Last week, Indonesia banned the export of palm oil with effect from April 28, in the wake of a severe shortage and skyrocketing prices of edible oil in the Southeast Asian nation. The country is the biggest palm oil producer in the world.

Palm oil and its derivatives are used in food products, detergents, cosmetics and biofuels. These are used to manufacture several daily consumption goods such as soaps, margarine, shampoos, noodles, biscuits and chocolates. So, any rise in palm oil prices will push up the input costs across these industries.

Effect On Various Industries In India

Swastika Investmart Head (Research) Santosh Meena said that due to the Russia-Ukraine war, the world cooking oil supply was already in a huge supply deficit, driving prices of palm and soy oils to record highs. This export ban and increase in Malaysian taxes will further exacerbate the problem.

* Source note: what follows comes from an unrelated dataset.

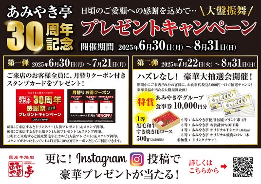株式会社あみやき亭(本社:愛知県春日井市)は、2025年に創業30周年を迎えることを記念し、看板メニュー「カルビ3種」の全面和牛化と「30周年記念 和牛盛り」を中部エリアの全店舗で販売開始いたします。

“Palm oil and its derivatives are used in producing several goods for daily consumption such as soaps, shampoos, biscuits, and noodles. This will negatively affect FMCG companies like HUL, Nestle, Britannia, Godrej Consumer Products Ltd, Marico Ltd., etc. The high prices will leave packaged food products manufacturers, soap manufacturers, and other personal care manufacturers with no other option than to raise prices and thus affecting their volumes,” Meena.

After Indonesia’s ban, domestic edible oil prices are likely to jump 10-15 per cent in the short term, according to an FE report quoting industry officials. It said the Ukraine-Russia war has already affected sunflower oil supplies in India, adding pressure to household budgets.

A livemint report quoted Parle Products’ official saying, the move poses a big challenge for firms across the packaged consumer goods industry. “That’s not just for the food companies but for FMCG companies at large because there are many other players beyond food firms. including those who manufacture soaps and other things. So, it’s going to be very challenging.”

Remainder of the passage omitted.